"Accelerationism" é uma correção tardia para anos de pessimismo
Accelerationism e seu ramo tecnófilo “e/acc” são apresentados como um impulso para dobrar a aposta no crescimento tecnológico rápido, especialmente em IA, em resposta ao pessimismo crescente e aos apelos por regulação. Os comentaristas questionam se isso é filosofia genuína ou branding amigável ao investidor, argumentando que a tecnologia recente corroeu privacidade, autonomia e confiança, muitas vezes sem entregar benefícios proporcionais. As raízes do termo na política marxista e de extrema-direita, sua sobreposição com extremismos no estilo Effective Altruism e os limites e riscos reais dos sistemas de IA atuais alimentam o ceticismo de que “acelerar” o status quo vá melhorar a vida da maioria das pessoas.
Do que trata o “accelerationism” / e/acc (segundo o fio)
- Coexistem várias definições em conflito:
- O accelerationism político original (esquerda e direita): empurrar os sistemas para a crise para que surja uma nova ordem.
- Uma variante da extrema-direita ligada a uma ideologia extremista, até terrorista.
- “e/acc” no Twitter de tecnologia: apresentado por alguns como um otimismo tecnófilo orientado para o crescimento (“resolver problemas com mais tecnologia e abundância, não com austeridade ou limites”).
- Outros no fio dizem que o e/acc começou como uma piada / shitpost, ou como uma subcultura à moda cripto, cheia de slogans e pobre em substância.

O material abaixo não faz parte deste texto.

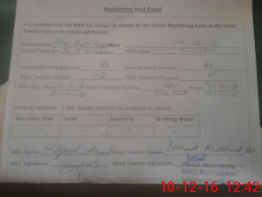 | Certified that this School was Inspected by the Undersigned MEA/DMO Today and the Information Stated Above is as Per Record. | |||||
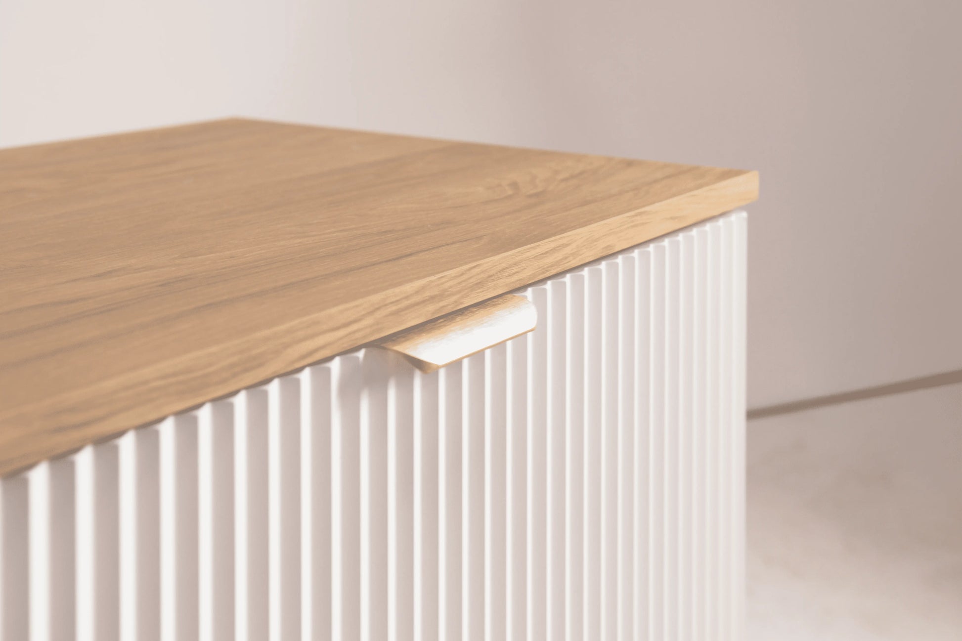 - Ryflowane fronty – modne wykończenie dodające meblowi charakteru.
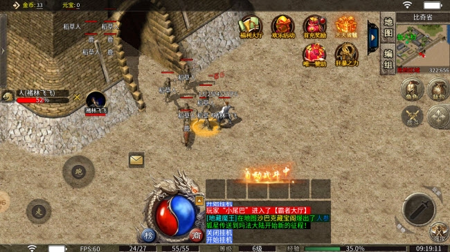 5、【无限挂机】专属安全挂机地图,搭配996云挂机功能,可实现24小时不间断升级与打材料。
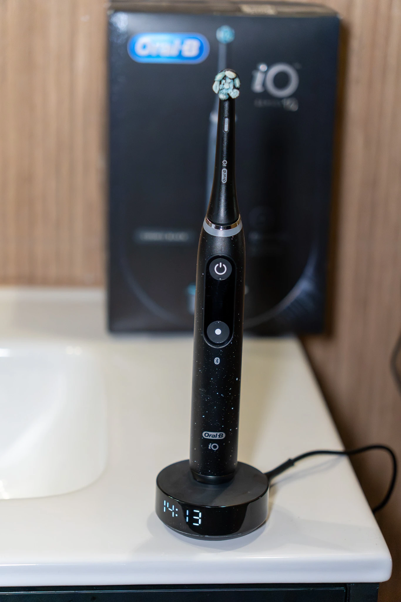 Zaawansowane modele, takie jak Oral-B iO10, oferują dodatkowo inteligentną ładowarkę iO Sense, która na co dzień służy jako stabilna podstawa. Baza ta nie tylko uzupełnia energię w akumulatorze, ale na bieżąco przekazuje spersonalizowane wskazówki, podpowiadając w jaki sposób i gdzie dokładnie należy szczotkować zęby. Na jej froncie znajduje się czytelny zegar odliczający czas mycia. To wygodne rozwiązanie, dzięki któremu wszystkie najważniejsze dane są widoczne bez potrzeby sięgania po smartfona.
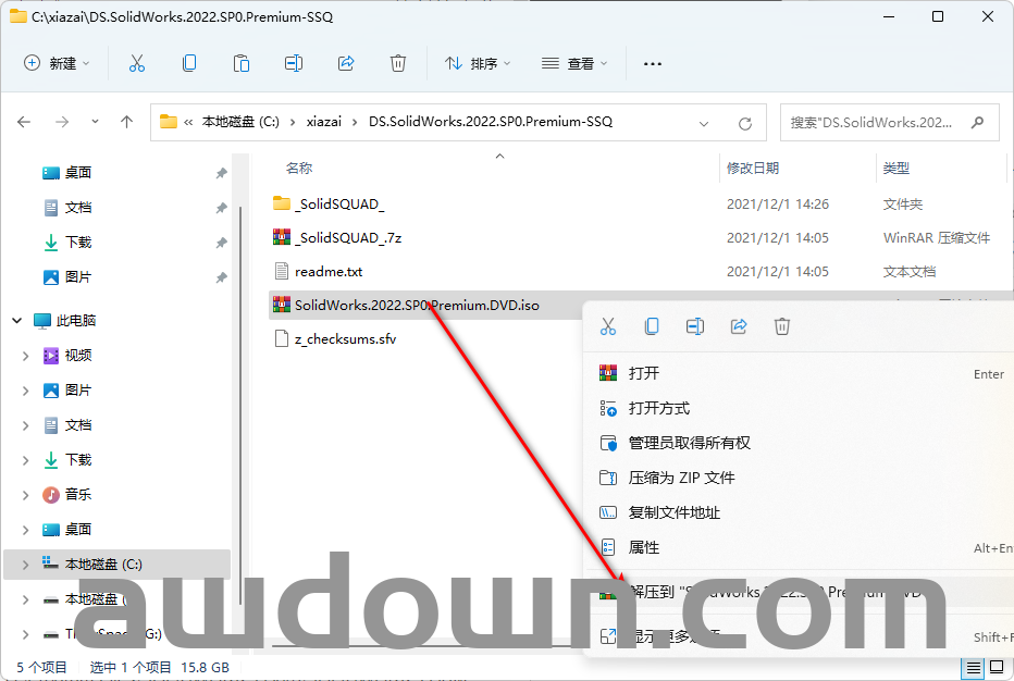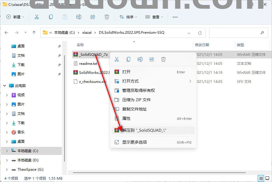 12、鼠标右击【SolidWorks.2022.SP0.Premium.DVD】文件夹,选择【解压到 SolidWorks.2022.SP0.Premium.DVD】文件夹
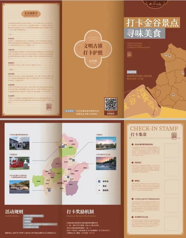 據(jù)安溪縣金谷鎮(zhèn)人民政府副鎮(zhèn)長張錦川介紹,為了吸引更多游客,金谷鎮(zhèn)黨委、政府推出一項“打卡金谷景點尋味美食”活動,在安南永德蘇維埃政府舊址、莫耶故居、威鎮(zhèn)廟、中共安溪中心縣委軍政干部訓(xùn)練班舊址紀(jì)念館、金谷溪岸藝術(shù)公園等5個景點設(shè)置蓋章點,游客任選其中4個景點完成打卡,即可領(lǐng)取一份“四物番鴨湯”。通過打卡的形式,鼓勵在不同景區(qū)完成打卡任務(wù),增加游客的參與度和體驗度。
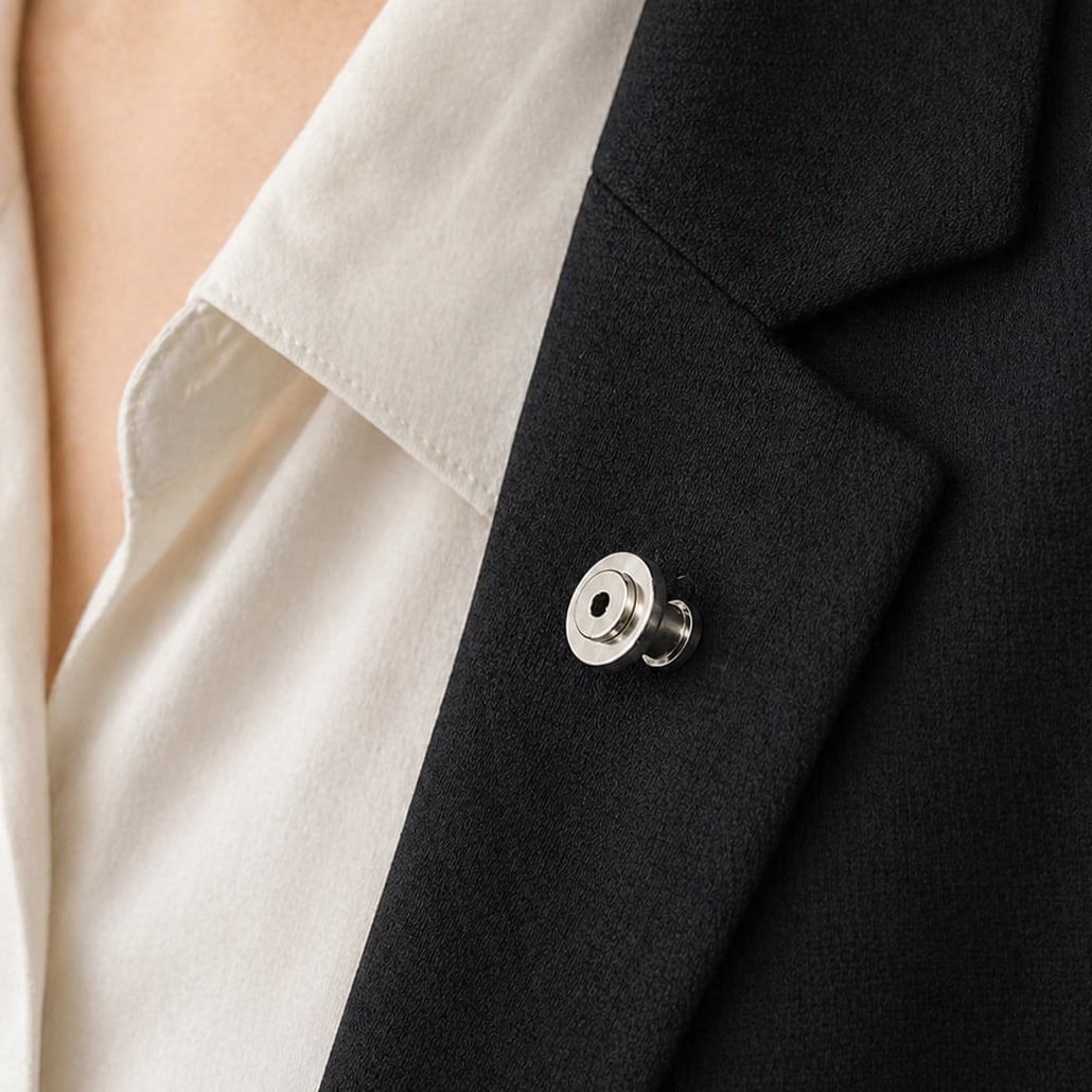 このコンバーターを使えば、お気に入りのピンバッジをスタイリッシュなブローチとして、服を傷つけることなく身につけることができます。
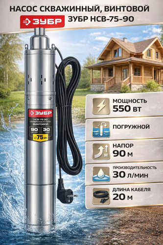 Насос скважиный ЗУБР НСВ-75-90 винтовой, мощность 550 Вт, напор 90 м, производительность 30 л/мин
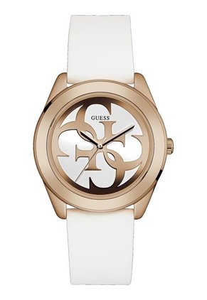Reloj de pulso Guess G Twist - Blanco/Oro-Rosa W0911L5 para mujer con movimiento analógico, con caja en acero inoxidable,y un diámetro de 38 mm. Tablero y pulso blanco. Con una caja espectacular en color Oro-Rosa y diales en el mismo tono que resaltan el logo de Guess. Distribuidores directos y autorizados para Guess en Colombia.
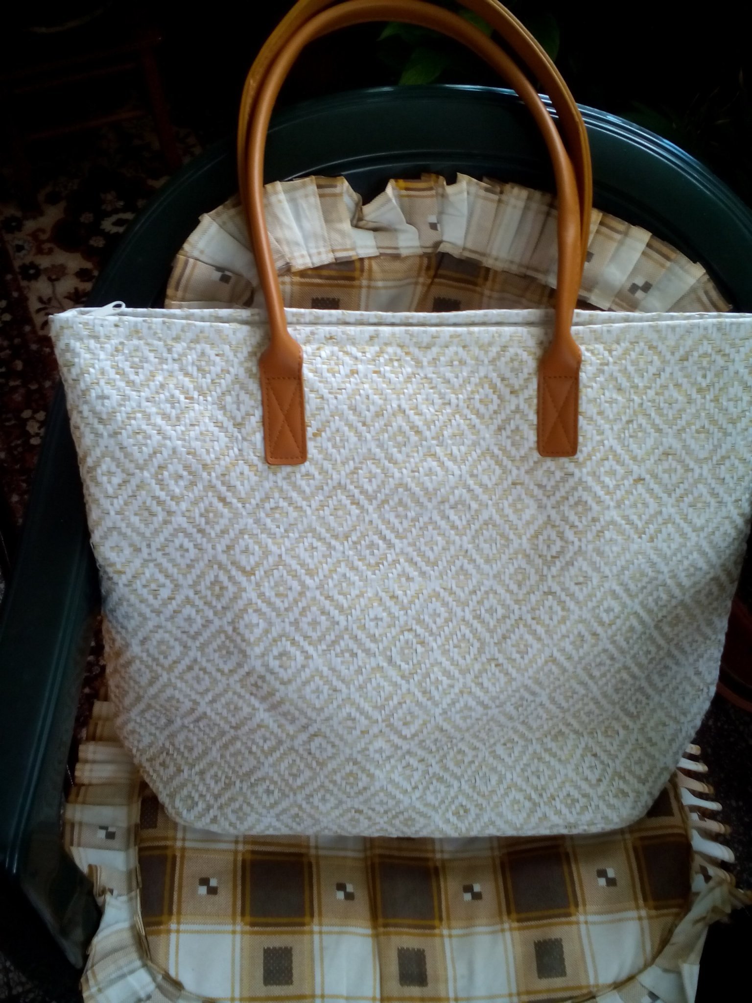 Цвете, качих снимки на чантата в предишния си пост. Ми малко съм баничка, то...труд това , щото от компютъра пиша, на телефон снимам, ходих на терасата за светлина,бе ..не съм технически добре, то се разбра)) Не е текстилна, сламена е на пипане, ама от хартия някаква пише, бе харесва ми

- Alguns argumentam que o e/acc toma emprestado seletivamente de pensadores accelerationistas anteriores e mais sombrios, enquanto repudia publicamente as partes mais radioativas.
Desconfiança em relação à tecnologia, “mover rápido e quebrar coisas”, e reação pública
- Muitos participantes dizem que o “pessimismo” sobre tecnologia é merecido:
- As plataformas quebraram a privacidade, as normas sociais e a dignidade dos usuários; lançaram designs viciantes; ignoraram danos (por exemplo, saúde mental nas redes sociais, desinformação).
- “Enshittification” generalizada: os produtos começam bons e depois pioram à medida que o bloqueio e a monetização se intensificam.
- As pessoas usam tecnologia cada vez mais porque precisam (efeitos de rede, burocracia), não porque querem.
- Contra-argumento: a disrupção reflete principalmente consumidores escolhendo opções melhores ou mais baratas (por exemplo, Uber vs. táxis, Amazon vs. pequenas lojas); os críticos, na verdade, estão defendendo incumbentes.
Aceleração vs. segurança e governança (especialmente IA)
- Visão pró-aceleração:
- Não dá para impedir o progresso; tentar um controle global perfeito é impossível, então assume-se que a IA não será existencialmente catastrófica e continua-se a construir.
- Uma IA “boa” pode superar uma IA “má”; portanto, a prioridade é fazer com que os “bons” cheguem lá primeiro.
- Visão cética / cautelosa:
- Danos históricos (gasolina com chumbo, CFCs, plásticos, redes sociais etc.) mostram que “avanço” não é automaticamente melhoria.
- Alguns veem o e/acc como uma aposta arrogante e de alto risco, em que uma pequena elite joga com o futuro de todos os outros.
- Comparações com risco nuclear: controle imperfeito é possível e ainda assim vale a pena tentar; a lógica desdenhosa de “se for tão ruim assim, de qualquer forma estamos condenados” é criticada.
Críticas mais amplas ao e/acc e à economia de tecnologia atual
- Muitos veem o e/acc como:
- Uma cobertura fina para “crescimento a qualquer custo” e interesses de investidores (“fuck the poors” em uma formulação).
- Uma forma de evitar enfrentar desigualdade, monopólios, vigilância e modelos de negócios exploratórios.
- Mais sobre conversa, branding e estética online (como cripto/“HODL”) do que sobre realmente construir infraestrutura útil.
- Alguns participantes aceitam o instinto central de crescimento-em-vez-de-austeridade, mas dizem que a cena e/acc atual é sectária, pouco séria e hostil a uma análise genuína de risco.